Recently came across a really interesting talk by developers on the Tor project. The talk is about how different countries across the world have tried to block Tor. Go watch it. Most of the countries except for China really just buy a deep-packet-inspection (DPI) solution that’s sold by a handful of companies (mostly based in the US), and hope it blocks Tor (Tor pretends to be SSL and so you’ve to look for patterns to distinguish Tor from real SSL traffic).
I dug a little deeper to learn how Tor works, and I’ve been running a Tor non-exit relay on one of my boxes just for fun (interestingly Akamai seems to run a bunch of exit relays!).
In Tor, you want the Onion Routers (OR) that form a circuit to only know about the previous hop and the next hop. They should never have a full picture of the entire circuit. That way if someone compromises one OR and records all traffic, they won’t be able to identify the end-user or the contents of the traffic with some exceptions.
- Exception 1 - if a compromised OR is the exit relay (i.e. last hop before exiting out of the Tor network), then the attacker can see the traffic (if the traffic is plaintext to begin with; if it’s HTTPS traffic then even the last hop cannot inspect it obviously). But they cannot identify the user’s IP address. But there’s a big caveat of course - the traffic itself shouldn’t contain any user-identifying information. This is why they encourage you to use HTTPS everywhere. Imagine logging into email with plain HTTP and your email id flying around in plain-text. It’s pointless to hide your IP address when you’ve let your email address go in plain text. You’re not anonymous anymore.

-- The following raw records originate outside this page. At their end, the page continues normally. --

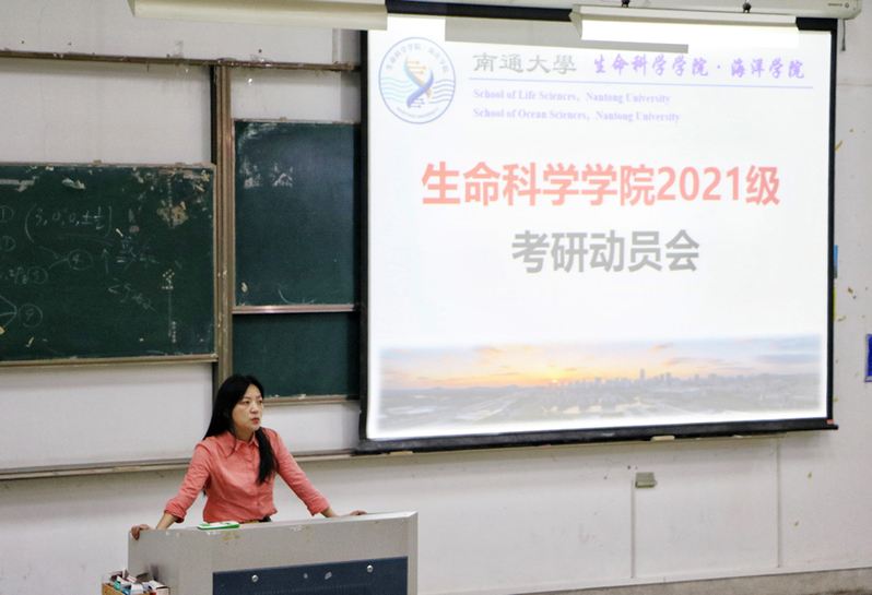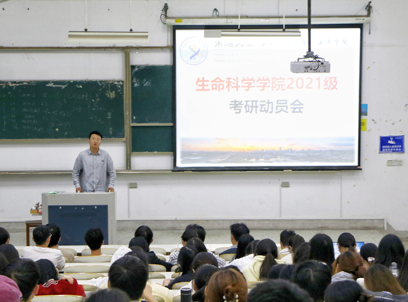 刘东从自身的经历和自己学生的例子出发,表明了生物行业读研的重要性,鼓励同学们继续深造,提高就业竞争力。此外,他重点做了生物学硕士的招生宣讲,通过算一笔时间账和效益账的形式,帮助同学们认识到在本校以及本院读研的裨益,号召更多的同学报考南通大学。
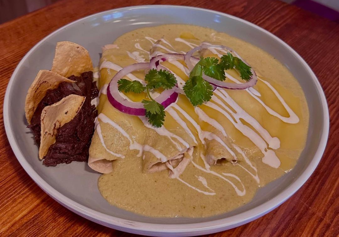 Cuatro enchiladas cubiertas con exquisita salsa verde, crema y queso gratinado
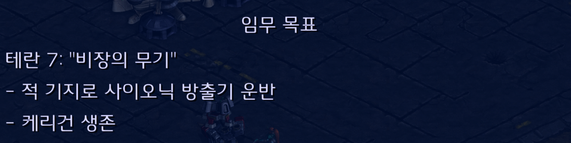 맵 가장 우측 파란색 표시한 곳에 사이오닉 방출기를 운반할 곳이 있다.
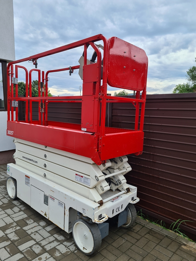 marca Snorkel 3226E, an fabricatie 2016, inaltime de lucru 10,8 m + h, anpatament 600 mm, platforma extensibila +1,1 m, masa ridicare pe platforma 245 kg, viteza I / II 1 - 3,5 m/s, masa totala 2,4 t, comanda ridicare/coborare de urgenta, comenzi externe via joystick, telecomanda cu fir, cauciucuri cu fata plana pentru incinte de interior si externe betonate,

- Exception 2 - if a compromised OR is the entry relay (i.e. beginning of the circuit), then an attacker know who the user is but they don’t know the contents. This is because the traffic is encrypted several times by the end-user such that only at the last hop can it be fully decrypted to reveal the plaintext payload like peeling an onion (hence the name).

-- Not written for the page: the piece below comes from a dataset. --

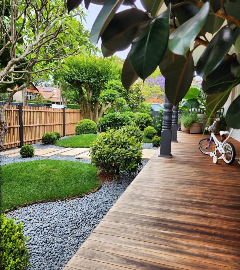 A well-structured backyard path blends manicured hedges, black river rock edging, and smooth timber boards. The juxtaposition of soft greenery with clean wooden decking allows barefoot wandering and casual strolling.

So Tor typically creates a 3 OR hop circuit, and you should be safe even if one Tor has been compromised, and the attacker wants to break your anonymity.
The Tor client (Onion Proxy) will pick a bunch of relays to create a circuit. There are several mechanisms to get the list of available relays (there’s a global directory list available via HTTP, there are unpublished bridge relays, and then there are secret relays which friends give to their friends only). In countries like Iran/China, they obviously block all IP addresses listed in the global directory list, and sometimes more. Watch the talk I mentioned above to learn more.
Coming back to how Tor works, relays are used to create a circuit, and a circuit will multiplex several TCP streams. Circuit is established in a serial fashion. Client talks to relay A, does a DH exchange, and so they’ve a secret session key that they’ll use for encryption. Client picks another relay B, and tells A to extend the circuit to B. Client does DH exchange with B via A acting as a relay (A cannot see the session key for B because DH provides that guarantee; similarly B does not know the identify of the client since it only sees A as the source of the traffic). So in the future, client would encrypt TCP stream with B’s session key followed by encryption with A’s session key. So when a packet arrives at A, it cannot see the original payload without knowing B’s session key. So original payload can be obtained only if you know all the session keys, or if you’re the exit relay and the payload is not itself encrypted.